2.5 Python execution = fast and correct
Speed numbers alone do not guarantee that MTP produced correct code. To check, I ran the generated Python code in a subprocess against yfinance + pandas + matplotlib.
Trace data (max_tokens=1500, 26B, full version)
| Variant | Total | Chars | Function name |
|---|---|---|---|
| baseline (run2) | 26.81s | 2816 | fetch_nikkei_monthly_returns() |
| MTP+patch (run3) | 15.58s | 2931 | get_nikkei_monthly_returns() |
Both models produced code that:
- Fetched ten years of monthly close for
^N225via the yfinance API - Computed monthly returns with
pct_change() - Returned a
[date, close, monthly_return]DataFrame - Successfully retrieved 119 months of data
- Saved a matplotlib bar chart of monthly returns (red = down, green = up)
End-to-end (generate + execute):
baseline: 26.81 + 2.35 = 29.16s
MTP+patch: 15.58 + 2.28 = 17.86s
→ end-to-end speedup = 1.63x (saving 11.30s)
Fast (1.72x) and correct (both produced working code) at the same time. MTP is lossless on quality, not just speed. The video at the top of this article shows this end-to-end: generation race → execution → both models producing equivalent Nikkei 225 monthly-return charts.
2.6 Multi-language videos (generation only)

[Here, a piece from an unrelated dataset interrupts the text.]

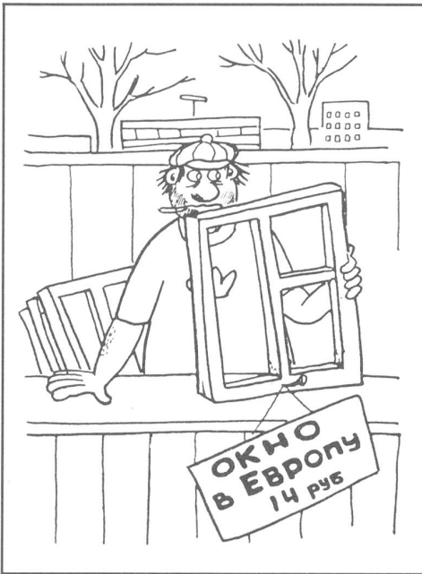
«Das Fenster zu Europa — 14 Rubel.» («Krokodil», Moskau, Nr. 25/1987).

In der Aussenpolitik wollte er anfänglich vor allem die Führungsposition der UdSSR im sozialistischen Lager festigen. Am 21. Juni 1985 charakterisierte die «Prawda» die innenpolitische Entwicklung in «einigen Bruderstaaten» wie folgt: «Es gibt Beispiele für zionistische und nationalistische Erscheinungen ... Es gibt solche (Politiker), die der Meinung sind, die von den Klassikern des Marxismus-Leninismus sowie in den Dokumenten der brüderlichen Parteien verankerten allgemeinen Gesetzmäßigkeiten seien nur für die Vergangenheit richtig gewesen; sie stellen deren objektiven und universalen Charakter in Frage ... Der Klassenfeind baut weiterhin auf den Nationalismus, westliche Propagandamittel spekulieren mit jenen Problemen, welche die sozialistischen Länder von der Vergangenheit geerbt haben ... Der Nationalismus, der offen oder verschleiert zum Russenhass und Antisowjetismus führt, untergräbt die Zusammengeschlossenheit der sozialistischen Nationen.»

Japanese (BoJ YCC → bank stocks)
baseline 16.47s, 60.2 ch/s → MTP+patch 13.74s, 73.6 ch/s = 1.20x speedup. Japanese is harder for the drafter to land at deeper positions, so the speedup is modest but consistent.
English (Fed QT → US 10Y yield)
baseline 15.15s, 170.1 ch/s → MTP+patch 11.14s, 232.7 ch/s = 1.36x speedup. English yields higher acceptance than Japanese and pulls more speedup.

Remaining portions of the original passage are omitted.